● **ACTIVITY**: Without the pictures, give the records again exactly as they appear.
* * *
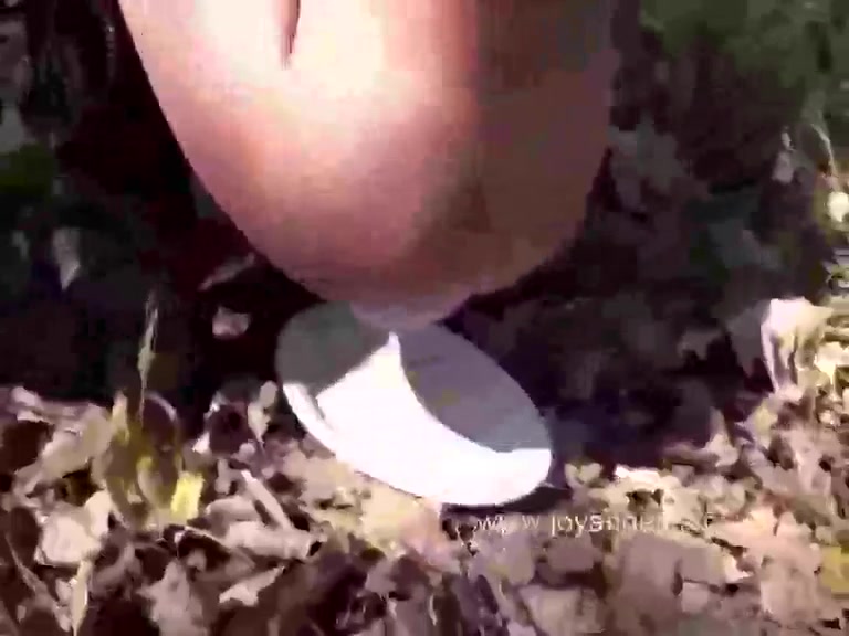 Sexy brunette babe went to poop in the middle of a big forest. She pulled her purple panties down, to tease us.
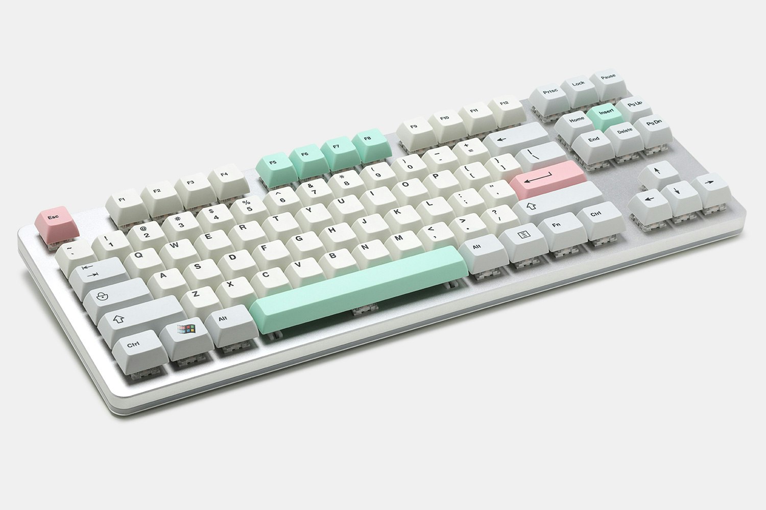 Full of retro vibes, the Everglide 9009 keycap set can transport your desktop to another time. This full set of PBT keycaps combines beige and gray alphas and mods with some colorful extras to spice things up. There are salmon-colored spacebars, mint-colored F keys, and a host of other modifiers to inspire your favorite board. Compatible with Cherry MX switches and clones, the keycaps feature dye-sublimated legends that won’t fade over time.
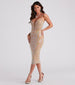 Fancy yourself as a radiant beauty in the stunning Luisa party dress? Every jaw will drop when you step into the formal dance or celebration in this sparkling midi dress featuring a sleeveless V-neckline with a sheer mesh insert, rhinestone embellished and adjustable spaghetti straps, and a bodycon silhouette. The party dress is composed of a partially lined mesh fabric with all-over rhinestone and faux pearl embellishments in a clustered vertical design to accentuate your curves! Style with fringe earrings and clear block heels to complete the look.
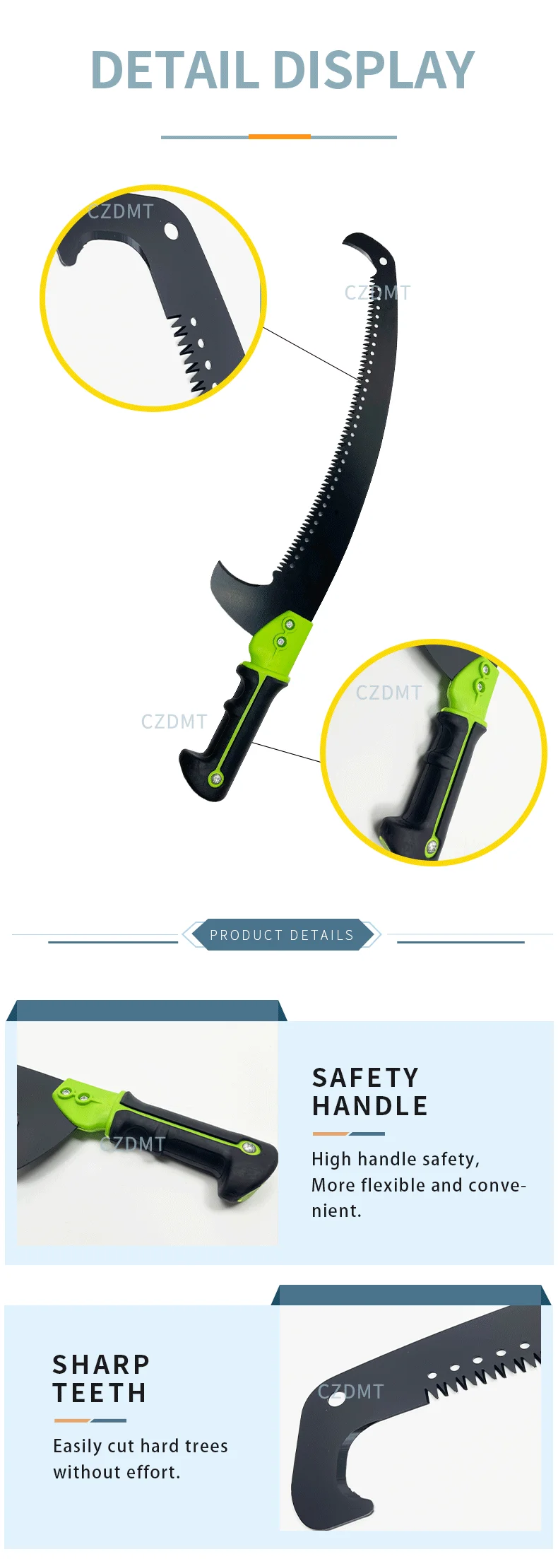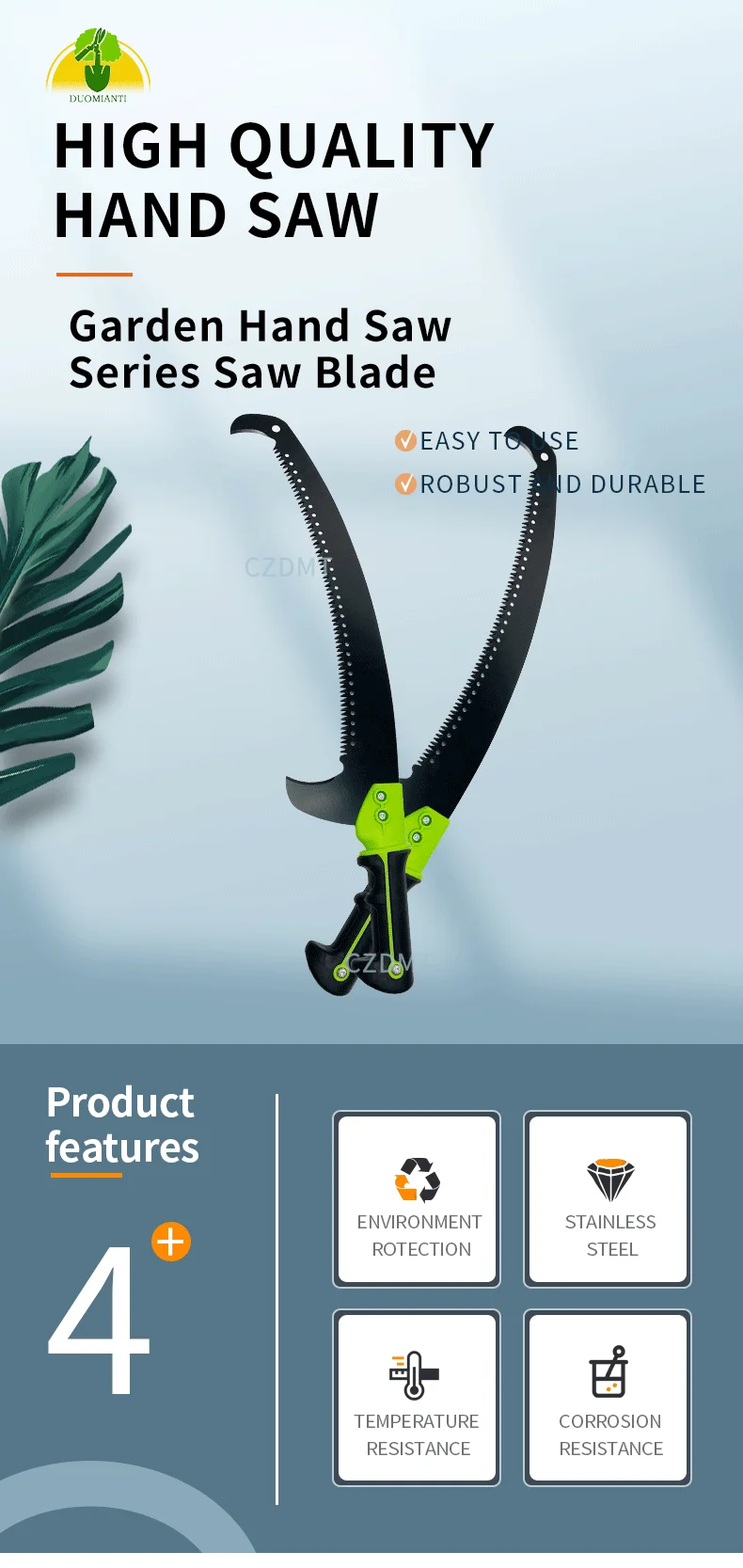 Three-sided grinding ensures durability; allows for fast and precise cutting in all directions; suitable for cutting fresh wood, dried wood, bamboo, and plastics.
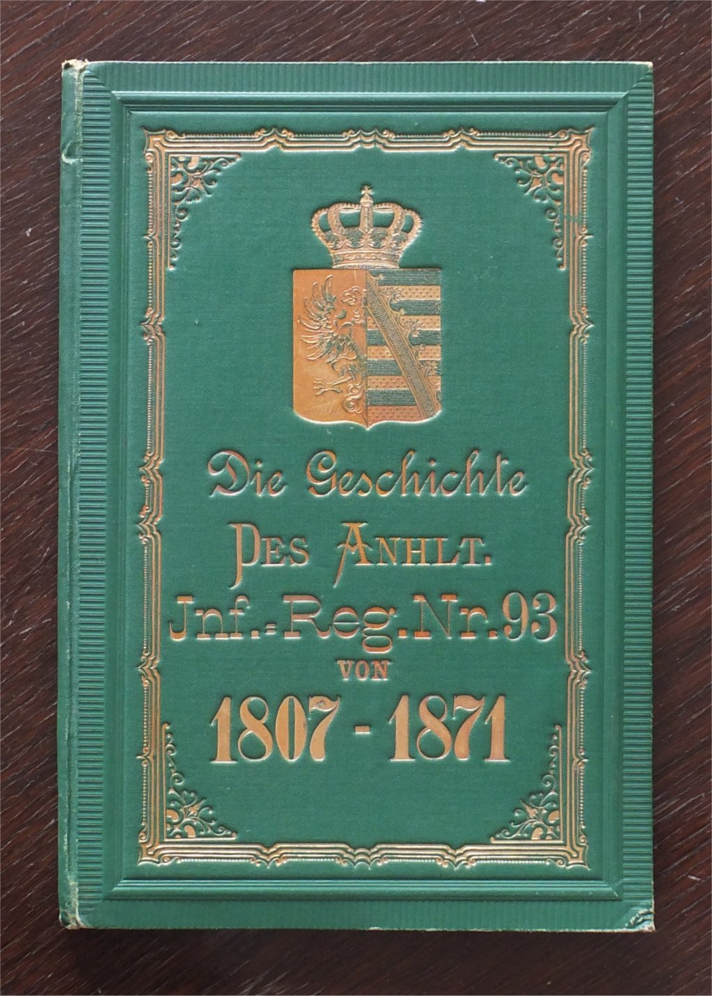 Bodenhausen, Kraft Freiherr v. 1807-1871. Teilnahme der Anhaltinischen Bataillone und des Anhaltinischen Infanterie-Regiments Nr. 93 an den Kriegen obiger Zeit - Für das Regiment und seine Freunde mit Benutzung amtlicher Quellen bearbeitet [...]. o.O. (Spandau), o.V., o.J. (um 1882). gr. 8°, 36 S., goldgepr. OLn. Einband an Kapitalen Ecken und Kanten etwas berieben und bestossen. Block und Bindung stark gelockert, fast gelöst. vorderer Vorsatz und Titel gelöst. Alter Stempel der Reservistenkameradschaft des Regiments auf vorderem Vorsatz. Seltener Titel. Bestell-Nr: 8-0-61..........verkauft | ![]() | |
* * *
● **RESULT OF THIS TASK**:
 Sexy brunette babe went to poop in the middle of a big forest. She pulled her purple panties down, to tease us.
 Full of retro vibes, the Everglide 9009 keycap set can transport your desktop to another time. This full set of PBT keycaps combines beige and gray alphas and mods with some colorful extras to spice things up. There are salmon-colored spacebars, mint-colored F keys, and a host of other modifiers to inspire your favorite board. Compatible with Cherry MX switches and clones, the keycaps feature dye-sublimated legends that won’t fade over time.
 Fancy yourself as a radiant beauty in the stunning Luisa party dress? Every jaw will drop when you step into the formal dance or celebration in this sparkling midi dress featuring a sleeveless V-neckline with a sheer mesh insert, rhinestone embellished and adjustable spaghetti straps, and a bodycon silhouette. The party dress is composed of a partially lined mesh fabric with all-over rhinestone and faux pearl embellishments in a clustered vertical design to accentuate your curves! Style with fringe earrings and clear block heels to complete the look.
 Three-sided grinding ensures durability; allows for fast and precise cutting in all directions; suitable for cutting fresh wood, dried wood, bamboo, and plastics.
 Bodenhausen, Kraft Freiherr v. 1807-1871. Teilnahme der Anhaltinischen Bataillone und des Anhaltinischen Infanterie-Regiments Nr. 93 an den Kriegen obiger Zeit - Für das Regiment und seine Freunde mit Benutzung amtlicher Quellen bearbeitet [...]. o.O. (Spandau), o.V., o.J. (um 1882). gr. 8°, 36 S., goldgepr. OLn. Einband an Kapitalen Ecken und Kanten etwas berieben und bestossen. Block und Bindung stark gelockert, fast gelöst. vorderer Vorsatz und Titel gelöst. Alter Stempel der Reservistenkameradschaft des Regiments auf vorderem Vorsatz. Seltener Titel. Bestell-Nr: 8-0-61..........verkauft | ![]() | |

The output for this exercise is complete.